LAYER 2 — Agentihooks structured spans
  agentihooks/hooks/telemetry.py
    emit_span(name, attrs)
    span_ctx(name, attrs) → wraps block with duration
    emit_log(message, attrs) → OTLP /v1/logs fan-out
  Three instrumented functions emit three span types:
    brain.inject         brain_adapter._publish_entries
    brain.marker_write   brain_writer_hook.write_markers
    brain.delivery       broadcast.check_and_inject_broadcasts (per message)

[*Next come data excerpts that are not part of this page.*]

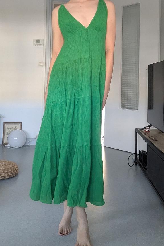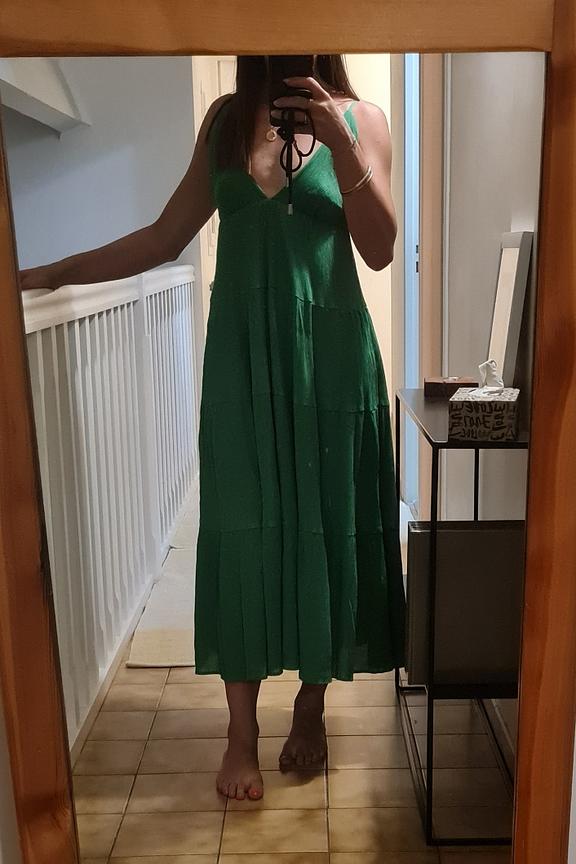Laissez-vous séduire par cette robe vert émeraude, parfaite pour un été éclatant. Associez-la à des sandales dorées pour une allure divine ! • Robe empire en tissu léger • Décolleté plongeant en V • Sans manches, bretelles fines • Jupe à volants superposés • Longueur mi-mollet, mouvement aérien
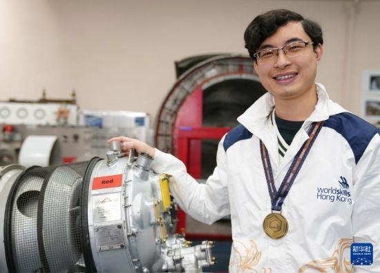 在香港專業(yè)教育學(xué)院,黃富東佩戴著“2024年里昂世界技能大賽”飛機(jī)維修項目的銅牌和渦輪螺旋槳飛機(jī)引擎合影(1月14日攝)。新華社發(fā)(王申攝)
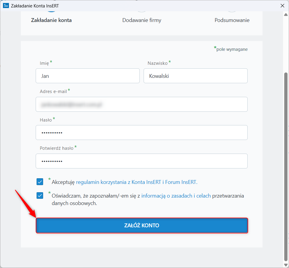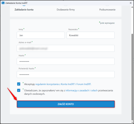 4. Uzupełnić podstawowe dane, zaakceptować regulamin i oświadczenie. Kliknąć Załóż Konto.
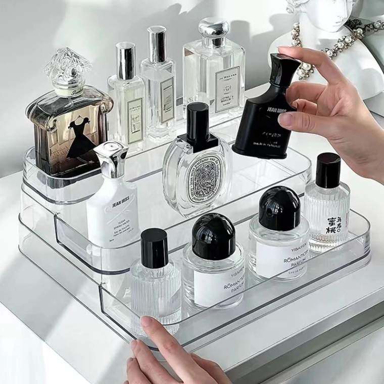 O Organizador Acrílico de 3 Andares traz a combinação perfeita entre estética moderna, praticidade e transparência cristalina — destacando cada detalhe das suas fragrâncias e cosméticos favoritos.
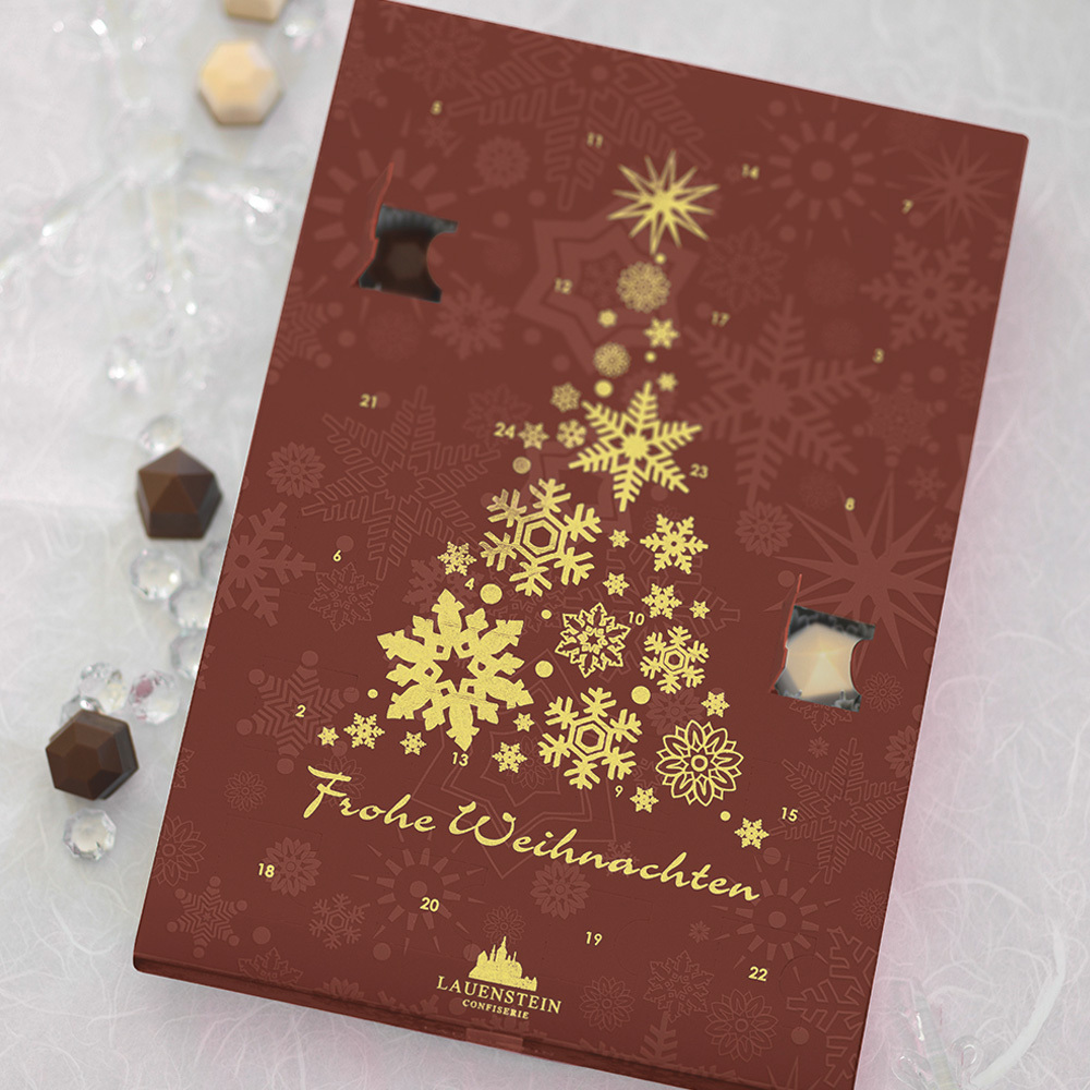 Hinter jedem der 24 Türchen verbirgt sich eine Kostbarkeit, die beweist, dass wahre Größe nicht von den Abmessungen abhängt. Unsere Mini-Pralinen, kunstvoll geformt wie geschliffene Kristalle, sind kleine Juwelen aus der meisterhaften Hand unserer Confiseure. Jeden Tag wartet ein funkelnder Genussmoment darauf, von Ihnen entdeckt zu werden.
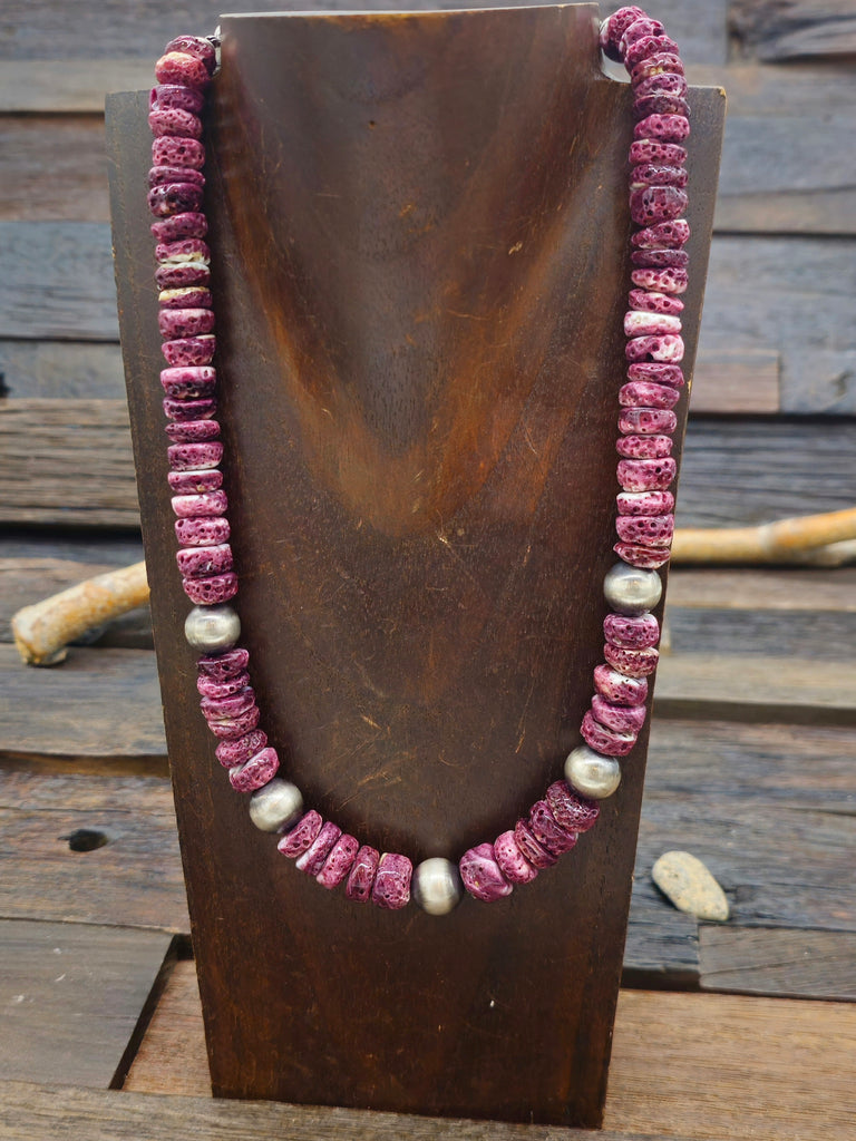 Purple Spiny Oyster and Sterling Silver Bead Necklace by Mary Salazar  All jewelry is handcrafted by Indigenous Artists.  Dimensions: Length - 2...
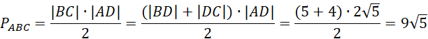 Oznacz przez D spodek wysokości opuszczonej na bok BC. Oblicz |AD| z twierdzenia Pitagorasa. Trójkąty ABC i DAC są podobne z cechy kkk (mają one wspólny kąt przy wierzchołku C oraz dwa takie same kąty). Trójkąty ABC i DBA są podobne z cechy kkk (mają one wspólny kąt przy wierzchołku B oraz dwa takie same kąty). Z tych dwóch podobieństw wynika podobieństwo trójkąta DAC do DBA. Wyznacz długość |BD| i następnie pole trójkąta ABC.
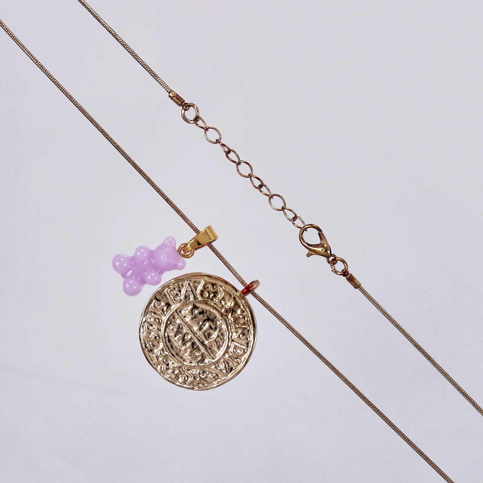 Kedja längd ca 59-63cm, bredd ca 1mm, 1 hänge med detalj i plast längd ca 25mm, 1 hänge Ø 30mm
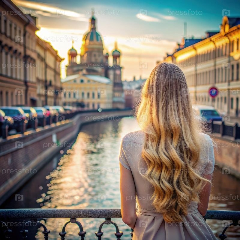 Блондинка восхищается закатом солнца над Санкт-Петербургским каналом
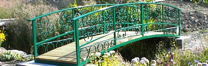 I build galvanized and powder coated metal garden bridges. I  offer designs from minimalist to ornate including Monet and Japanese designs.
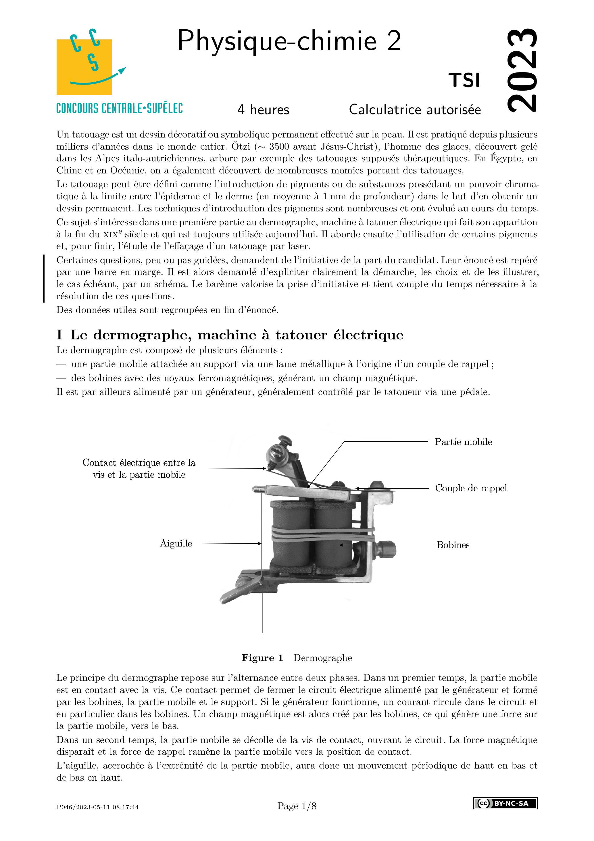 Centrale Physique Chimie 2 TSI 2023 - Version Web LaTeX | WikiPrépa | WikiPrépa
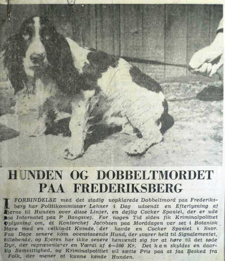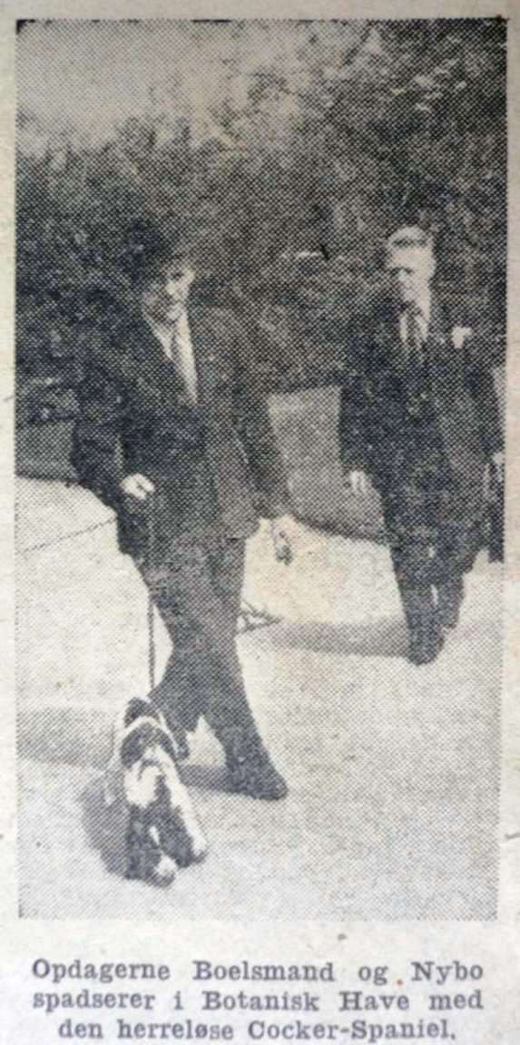 Han var set i selskab med en nydelig velklædt yngre dame, der medbragte en Cocker Spaniel i snor. Politiet brugte mange ressourcer på at finde damen med hunden. Samtlige politistationer i København arbejdede i døgndrift på at gennemgå hunderegistre. Mange kendte og ukendte damer blev udpeget som "Damen med hunden i Botanisk Have".
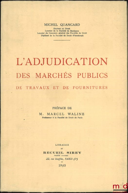 , Paris, Sirey 1945, in-8, br., non rogné, ENVOI DE L’AUTEUR AU PROFESSEUR WALINE, (dos insolé), intérieur très frais, [ce livre provient de la bibliothèque personnelle de Marcel et Jean Waline], VIII-399p.
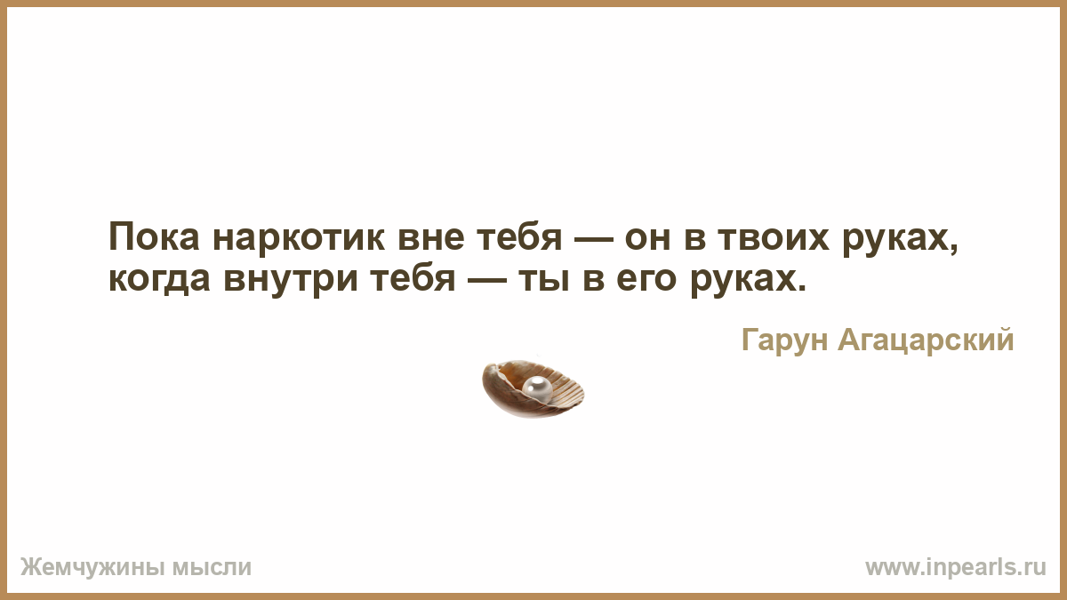 Пока наркотик вне тебя — он в твоих руках, когда внутри тебя — ты в его руках.

LAYER 3 — Hook log OTLP fan-out
  agentihooks/hooks/common.py log() extended
  Events matching brain_* / broadcast_* / outbox_* / amygdala_*
  additionally POST to OTLP /v1/logs → ClickHouse otel_logs

LAYER 4 — Data plane
  otel-collector (Docker Compose at ${OTEL_HOST}:4318)
    ↓
  ClickHouse otel database  (otel_traces, otel_logs, otel_metrics)
  Langfuse via otlphttp/langfuse exporter (traces only)

LAYER 5 — Visualization
  Grafana dashboard /d/<your-dashboard-slug>/brain-nervous-system
    4 new panels: inject latency, marker write rate, delivery coverage, error rate
  Langfuse <your-langfuse-host>
    Per-session trace view: claude_code.user_prompt → brain.inject → brain.delivery(×N)

Span taxonomy

Span name	Fired by	Attributes	When
`brain.inject`	`brain_adapter._publish_entries`	`channel, entry_count, total_bytes, published_count`	Session start + every BRAIN_REFRESH_INTERVAL turns
`brain.marker_write`	`brain_writer_hook.write_markers`	`session_id, transcript_path, source, markers_found, outbox_count, redis_count, marker_types`	Stop hook (every turn)
`brain.delivery`	`broadcast.check_and_inject_broadcasts`	`session_id, message_id, channel, severity, source, bytes, persistent`	UserPromptSubmit, per broadcast message
`agentihooks.session.stop`	`hook_manager.on_stop`	`session_id, tool_calls, errors`	Stop hook (existing, pre-this work)

Log taxonomy

Log prefix	Source	Purpose
`brain_*`	brain_adapter, brain_writer_hook	Deterministic audit of brain lifecycle
`broadcast_*`	broadcast.py	Publish/deliver/expire events
`outbox_*`	brain_writer_hook	Marker file writes
`amygdala_*`	amygdala_hook	Emergency signal reads

All logs carry service.name=agentihooks resource attribute and land in otel.otel_logs.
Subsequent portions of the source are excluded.